--- Source material Enclosed Below ---
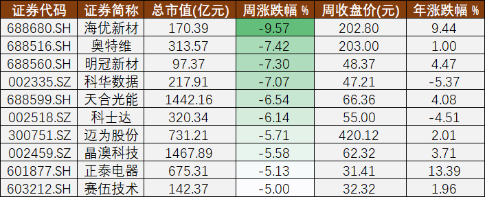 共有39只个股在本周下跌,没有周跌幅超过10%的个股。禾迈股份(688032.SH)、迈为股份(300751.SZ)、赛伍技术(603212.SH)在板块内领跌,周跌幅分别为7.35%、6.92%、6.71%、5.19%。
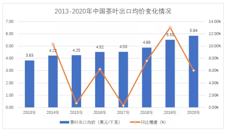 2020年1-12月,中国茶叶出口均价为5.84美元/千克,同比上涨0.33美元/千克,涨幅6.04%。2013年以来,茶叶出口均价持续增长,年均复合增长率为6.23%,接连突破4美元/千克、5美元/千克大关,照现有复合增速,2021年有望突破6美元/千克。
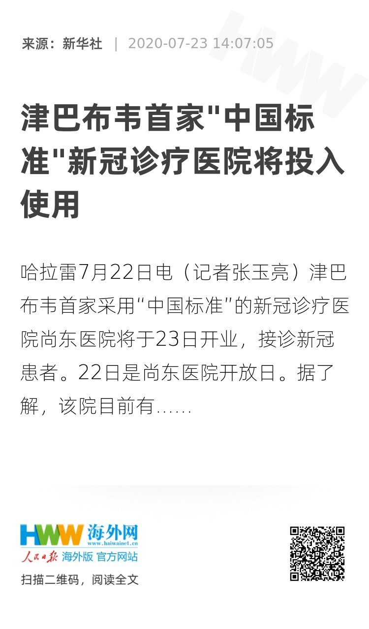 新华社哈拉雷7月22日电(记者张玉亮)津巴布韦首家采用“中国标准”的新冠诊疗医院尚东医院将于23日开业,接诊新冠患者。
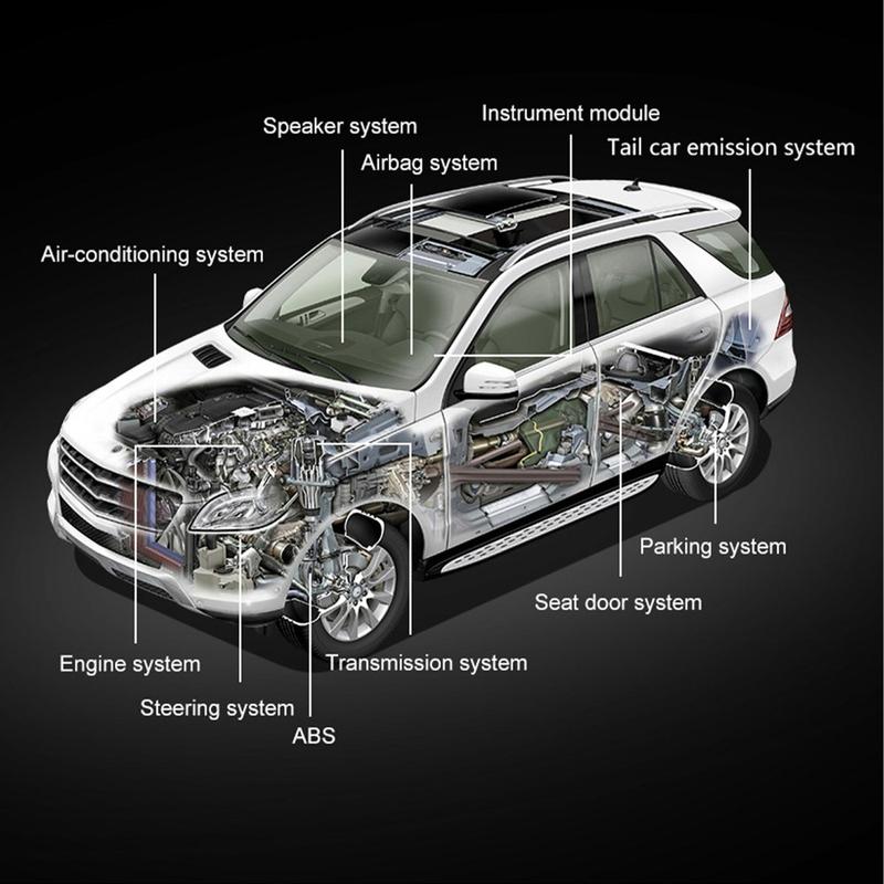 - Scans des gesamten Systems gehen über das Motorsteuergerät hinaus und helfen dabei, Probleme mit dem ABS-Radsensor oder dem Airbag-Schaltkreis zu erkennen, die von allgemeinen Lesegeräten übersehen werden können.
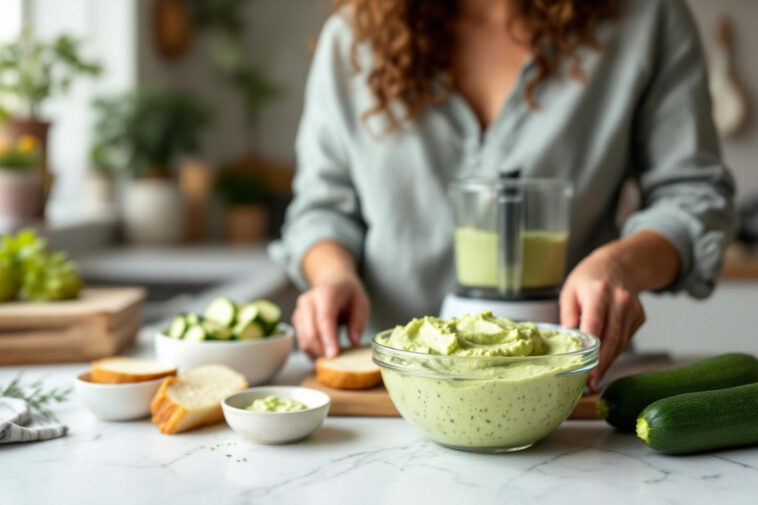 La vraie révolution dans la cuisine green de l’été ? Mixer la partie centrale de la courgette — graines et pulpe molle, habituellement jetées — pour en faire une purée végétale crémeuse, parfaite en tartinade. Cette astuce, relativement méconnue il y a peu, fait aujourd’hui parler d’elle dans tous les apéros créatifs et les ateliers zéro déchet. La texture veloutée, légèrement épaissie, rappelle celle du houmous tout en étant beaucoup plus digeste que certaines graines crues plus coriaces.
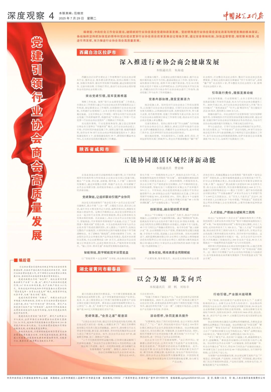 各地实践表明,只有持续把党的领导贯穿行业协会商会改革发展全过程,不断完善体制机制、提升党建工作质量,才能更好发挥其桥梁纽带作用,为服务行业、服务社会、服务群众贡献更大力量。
--- End of Enclosed Source material ---
--- Source material Enclosed Below ---
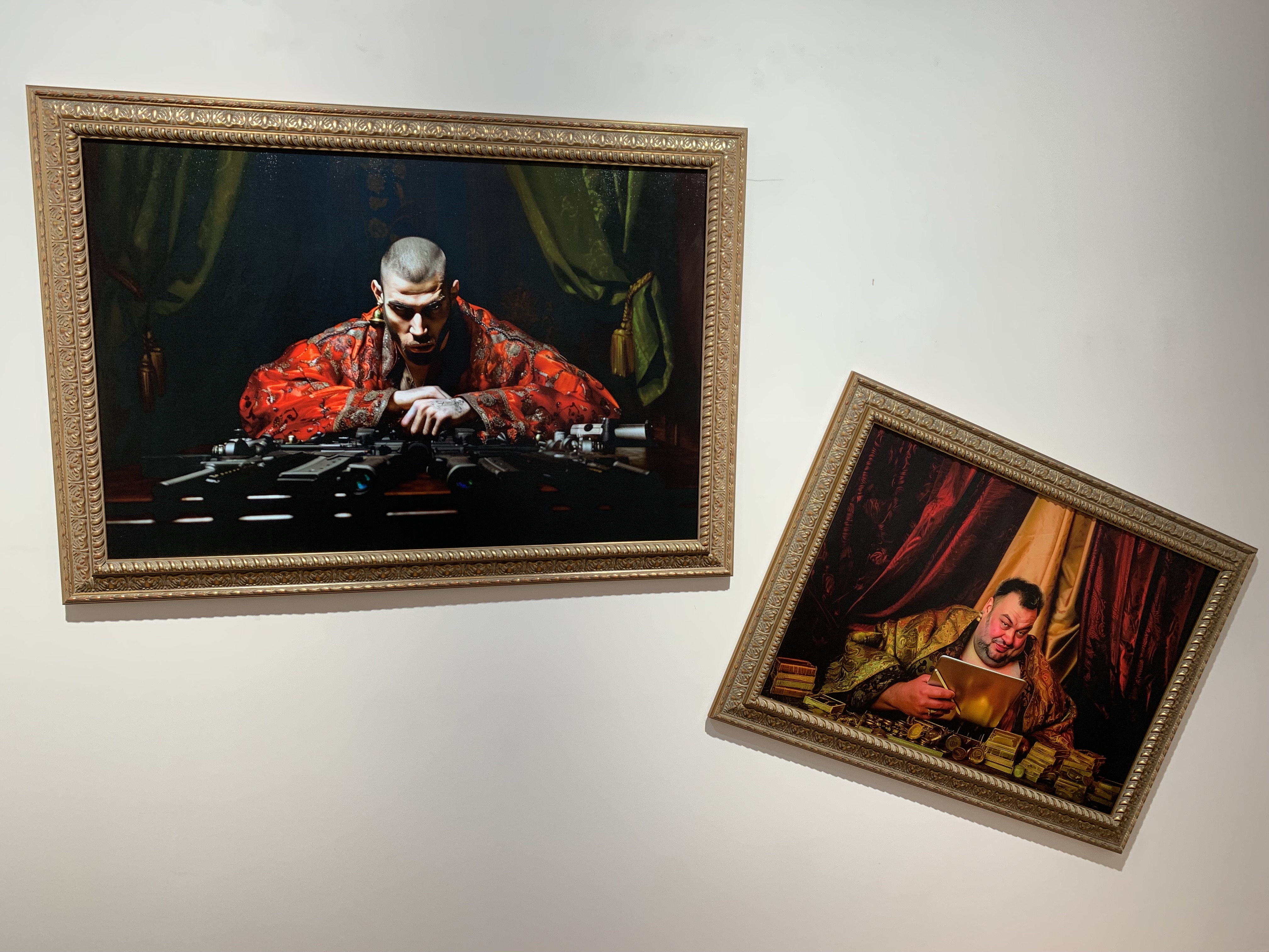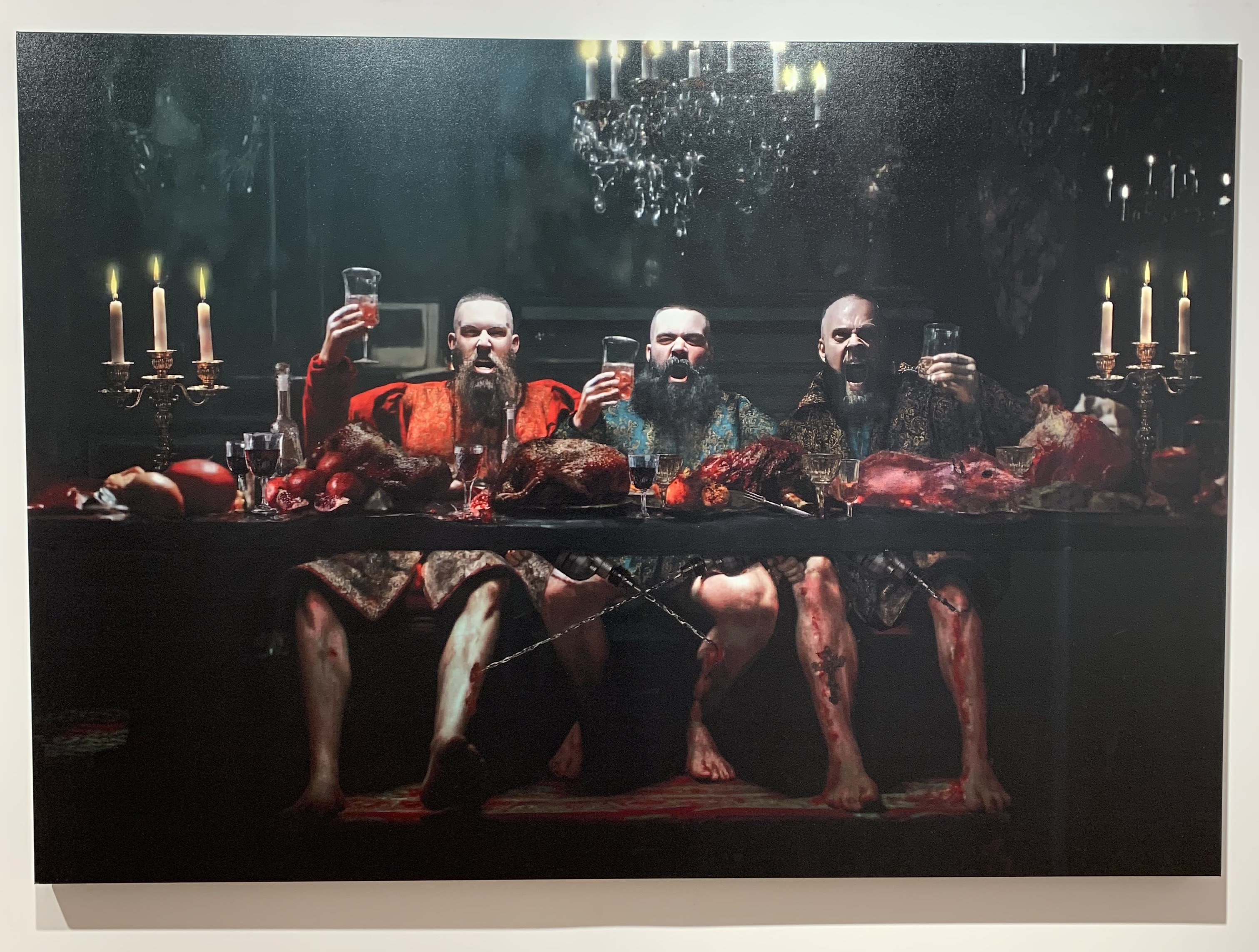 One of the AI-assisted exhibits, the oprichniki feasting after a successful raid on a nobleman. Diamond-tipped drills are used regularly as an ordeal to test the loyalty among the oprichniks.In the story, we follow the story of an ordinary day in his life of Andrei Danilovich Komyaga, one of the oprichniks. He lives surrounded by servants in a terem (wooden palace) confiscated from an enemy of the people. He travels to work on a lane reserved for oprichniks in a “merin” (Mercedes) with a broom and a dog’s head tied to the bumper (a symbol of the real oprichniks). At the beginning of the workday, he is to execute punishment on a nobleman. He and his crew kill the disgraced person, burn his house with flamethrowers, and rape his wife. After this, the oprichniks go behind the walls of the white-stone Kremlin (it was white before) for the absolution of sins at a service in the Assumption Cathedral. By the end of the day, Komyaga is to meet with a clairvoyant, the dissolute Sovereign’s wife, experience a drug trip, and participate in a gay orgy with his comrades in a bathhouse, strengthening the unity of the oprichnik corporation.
--- End of Enclosed Source material ---
- [Task item]: The lines to reproduce run from the one above containing "2020年1-12月,中国茶" through the one containing "La vraie révolution". Copy them exactly and leave out all pictures.

- [Result of this exercise]:
 2020年1-12月,中国茶叶出口均价为5.84美元/千克,同比上涨0.33美元/千克,涨幅6.04%。2013年以来,茶叶出口均价持续增长,年均复合增长率为6.23%,接连突破4美元/千克、5美元/千克大关,照现有复合增速,2021年有望突破6美元/千克。
 新华社哈拉雷7月22日电(记者张玉亮)津巴布韦首家采用“中国标准”的新冠诊疗医院尚东医院将于23日开业,接诊新冠患者。
 - Scans des gesamten Systems gehen über das Motorsteuergerät hinaus und helfen dabei, Probleme mit dem ABS-Radsensor oder dem Airbag-Schaltkreis zu erkennen, die von allgemeinen Lesegeräten übersehen werden können.
 La vraie révolution dans la cuisine green de l’été ? Mixer la partie centrale de la courgette — graines et pulpe molle, habituellement jetées — pour en faire une purée végétale crémeuse, parfaite en tartinade. Cette astuce, relativement méconnue il y a peu, fait aujourd’hui parler d’elle dans tous les apéros créatifs et les ateliers zéro déchet. La texture veloutée, légèrement épaissie, rappelle celle du houmous tout en étant beaucoup plus digeste que certaines graines crues plus coriaces.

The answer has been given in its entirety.